A terry loom according to claim 1 or 2, characterised in that pairs of transmission elements (37, 38) are provided which are arranged spaced by a distance adapted to the cloth width.
A terry loom according to any one of claims 1 to 3, characterised in that a pair of parallel mounted swivel arms (36) are arranged at a spacing adapted to the cloth width, said swivel arms (36) being connected by means of transmission bars (37, 38) to the holding elements (28, 30, 44), wherein the swivel arms (36) and/or the transmission bars (37, 38) are connected together in the manner of a frame and wherein the drive motor (31) is assigned to one swivel arm (36).
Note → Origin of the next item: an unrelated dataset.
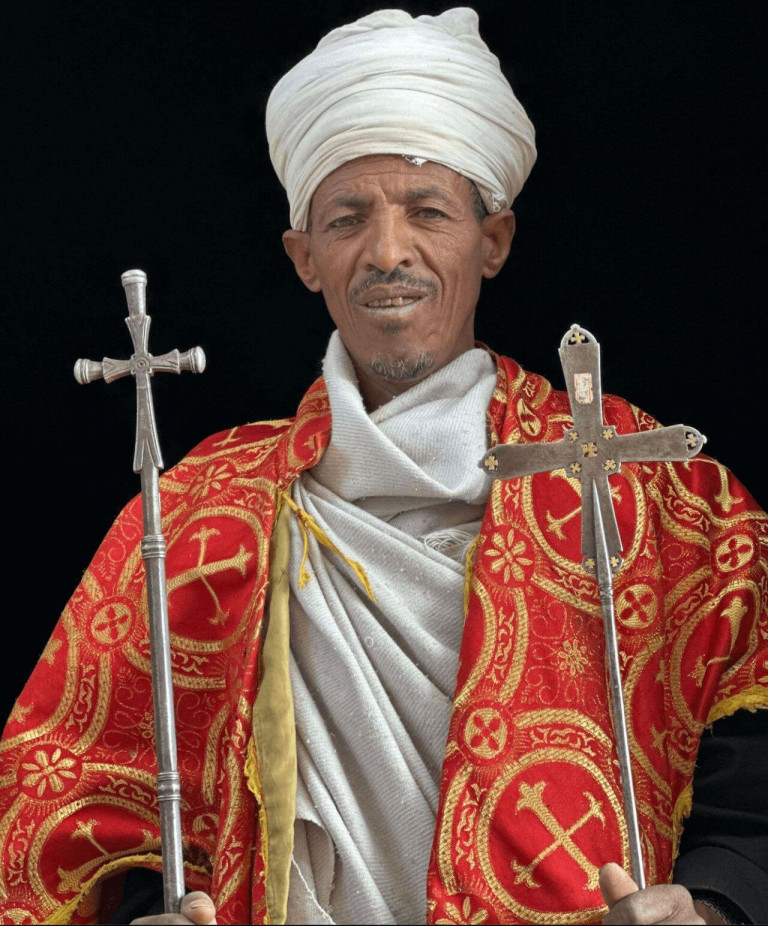 Cloaked in ceremonial velvet and satin robes and carrying sequined umbrellas, priests march and dance carrying replicas of the Arc of the Covenant from nearby churches to a source of water where blessings are dispensed on the gathered crowd. The priests achieve a state of ecstasy through the drumming and chants that is often contagious to the white robed worshipers who gather around them.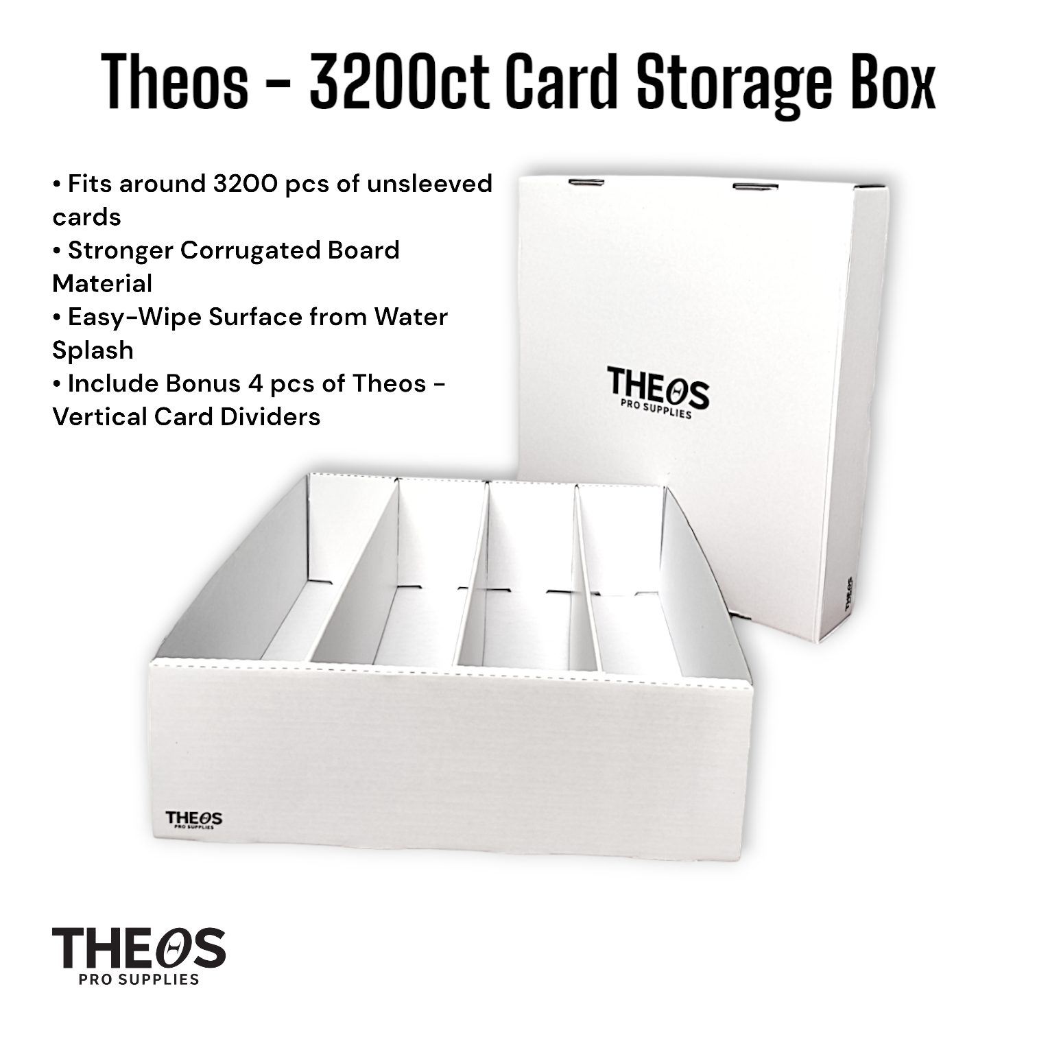Conquer your bulk collection with the Theos 3200CT V2! This massive 4-row storage box holds 3200+ cards and features a unique water-resistant finish for superior protection. Made from stronger, stackable corrugated material, it’s the ultimate solution for organizing your TCG and sports cards.

A terry loom according to any one of claims 1 to 3, characterised in that a pair of parallel mounted swivel arms (36) are arranged at a spacing adapted to the cloth width, said swivel arms (36) being connected by means of transmission bars (37, 38) to the holding elements (28, 30), wherein a drive motor (31A, 31 B) is assigned to each swivel arm (36), said motors being electronically synchronised.
A terry loom according to any one of claims 1 to 5, characterised in that the holding elements of backrest (14) and breast beam (23) take the form of swivel levers (28, 30), which are swivellable about shafts (29, 24) parallel to the backrest (14) and to the breast beam (23).
A terry loom according to any one of claims 1 to 6, characterised in that a further pair of transmission bars is provided for connecting the swivel arms (36) to the backrest (16) of the pile warp (13).
A terry loom according to any one of claims 1 to 7, characterised in that a further pair of transmission bars (39) is provided for connecting the swivel arms (36) to a holder for a deflector (15) of the pile warp (13).
A terry loom according to any one of claims 1 to 8, characterised in that the transmission bars (38) to the breast beam (23) are coupled at a spacing from the axis of the swivel arms (36) which is greater than the spacing at which the transmission bars (37) to the backrest (14) are coupled to the swivel arms (36).
A terry loom according to any one of claims 1 to 9, characterised in that the drive motor (31) is a stepping motor.
A terry loom according to any one of claims 1 to 10, characterised in that a non self-locking reduction gear (32) is provided, and in that the transmission elements (36, 37, 38, 39) and the holding elements (28, 30, 44) are so configured and/or designed that the shaft (33) adopts a position between its two end positions when the drive motor (31) is at zero current.
A terry loom appliance for a loom which loom comprises devices for supplying a ground warp (11) and a pile warp (13), to each of which is associated at least one backrest (14, 16), and with a device (23, 24) for drawing off cloth (20), which comprises a breast beam (23), and with a drive (26) for moving backrest (14) of the ground warp and breast beam (23) to and fro, wherein the drive (26) comprises at least one drive motor (31; 31A, 31B) which may be connected to backrest (14) of the ground warp and to breast beam (23) by means of transmission elements (36, 37, 38), characterised in that the terry loom appliance takes the form of a module, which comprises at least one drive motor (31, 31A, 32B) driving a shaft (33) on which swivel arms (36) are fixed which rotate with the shaft (33) and to which pairs of transmission bars (37, 38) are attached which lead to holding elements (28, 30) of the backrest (14) of the ground warp (11) and of the breast beam (23).